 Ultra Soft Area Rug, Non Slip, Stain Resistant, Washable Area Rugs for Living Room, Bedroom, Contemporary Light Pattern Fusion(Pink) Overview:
...
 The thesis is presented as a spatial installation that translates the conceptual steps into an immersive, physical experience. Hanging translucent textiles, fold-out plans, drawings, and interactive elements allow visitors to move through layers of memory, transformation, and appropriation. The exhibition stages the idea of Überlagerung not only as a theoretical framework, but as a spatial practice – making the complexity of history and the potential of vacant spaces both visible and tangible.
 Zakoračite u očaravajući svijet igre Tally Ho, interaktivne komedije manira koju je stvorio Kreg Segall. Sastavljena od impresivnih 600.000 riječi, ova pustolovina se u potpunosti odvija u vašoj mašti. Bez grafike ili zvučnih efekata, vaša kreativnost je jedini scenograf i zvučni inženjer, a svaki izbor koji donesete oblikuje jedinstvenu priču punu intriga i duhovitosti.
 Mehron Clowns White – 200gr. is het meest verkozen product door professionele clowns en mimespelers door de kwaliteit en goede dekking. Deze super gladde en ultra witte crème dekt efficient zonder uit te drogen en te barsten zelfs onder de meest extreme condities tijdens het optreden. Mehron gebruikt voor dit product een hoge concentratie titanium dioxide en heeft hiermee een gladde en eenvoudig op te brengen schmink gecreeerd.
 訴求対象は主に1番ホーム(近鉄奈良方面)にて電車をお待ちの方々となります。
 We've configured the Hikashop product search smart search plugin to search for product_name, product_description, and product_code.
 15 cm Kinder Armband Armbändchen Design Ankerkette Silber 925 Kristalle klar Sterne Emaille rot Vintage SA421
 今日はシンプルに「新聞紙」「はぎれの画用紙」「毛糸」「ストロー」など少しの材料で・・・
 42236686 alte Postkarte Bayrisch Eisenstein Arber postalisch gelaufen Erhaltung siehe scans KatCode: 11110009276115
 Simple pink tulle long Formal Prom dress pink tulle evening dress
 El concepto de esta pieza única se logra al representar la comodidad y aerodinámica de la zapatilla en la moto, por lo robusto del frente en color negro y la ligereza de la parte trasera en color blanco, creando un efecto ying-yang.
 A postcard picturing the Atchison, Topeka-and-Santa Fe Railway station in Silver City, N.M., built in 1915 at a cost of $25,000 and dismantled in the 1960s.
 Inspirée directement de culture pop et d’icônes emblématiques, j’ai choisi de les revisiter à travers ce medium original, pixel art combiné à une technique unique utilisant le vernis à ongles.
...
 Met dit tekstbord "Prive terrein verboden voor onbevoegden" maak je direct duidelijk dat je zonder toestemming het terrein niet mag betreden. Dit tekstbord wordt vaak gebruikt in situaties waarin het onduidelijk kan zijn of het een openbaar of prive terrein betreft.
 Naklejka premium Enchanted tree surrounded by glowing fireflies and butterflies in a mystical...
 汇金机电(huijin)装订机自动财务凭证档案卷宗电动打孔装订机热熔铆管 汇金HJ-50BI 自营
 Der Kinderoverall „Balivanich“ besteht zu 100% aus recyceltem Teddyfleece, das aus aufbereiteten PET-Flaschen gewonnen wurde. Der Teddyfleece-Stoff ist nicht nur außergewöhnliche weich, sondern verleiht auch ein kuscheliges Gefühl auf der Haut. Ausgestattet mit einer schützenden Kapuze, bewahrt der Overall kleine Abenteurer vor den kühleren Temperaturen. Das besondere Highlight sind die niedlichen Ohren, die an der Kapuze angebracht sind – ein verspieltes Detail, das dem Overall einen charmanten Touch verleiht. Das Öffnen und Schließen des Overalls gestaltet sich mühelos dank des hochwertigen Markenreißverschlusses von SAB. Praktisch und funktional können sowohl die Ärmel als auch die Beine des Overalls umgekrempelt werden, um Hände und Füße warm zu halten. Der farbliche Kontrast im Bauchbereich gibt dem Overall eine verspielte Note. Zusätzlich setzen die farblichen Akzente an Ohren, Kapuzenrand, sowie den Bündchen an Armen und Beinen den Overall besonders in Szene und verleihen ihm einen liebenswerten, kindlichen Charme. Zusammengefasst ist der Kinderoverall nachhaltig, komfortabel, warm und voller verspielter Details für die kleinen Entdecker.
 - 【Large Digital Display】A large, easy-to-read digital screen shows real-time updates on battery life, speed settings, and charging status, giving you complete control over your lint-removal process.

WORK REQUEST → Considering only the material above, set down every line from the one with "42236686 alte Postkarte" to the one with "Inspirée directement de", inclusive, exactly as written.

WRITTEN SOLUTION →
 42236686 alte Postkarte Bayrisch Eisenstein Arber postalisch gelaufen Erhaltung siehe scans KatCode: 11110009276115
 Simple pink tulle long Formal Prom dress pink tulle evening dress
 El concepto de esta pieza única se logra al representar la comodidad y aerodinámica de la zapatilla en la moto, por lo robusto del frente en color negro y la ligereza de la parte trasera en color blanco, creando un efecto ying-yang.
 A postcard picturing the Atchison, Topeka-and-Santa Fe Railway station in Silver City, N.M., built in 1915 at a cost of $25,000 and dismantled in the 1960s.
 Inspirée directement de culture pop et d’icônes emblématiques, j’ai choisi de les revisiter à travers ce medium original, pixel art combiné à une technique unique utilisant le vernis à ongles.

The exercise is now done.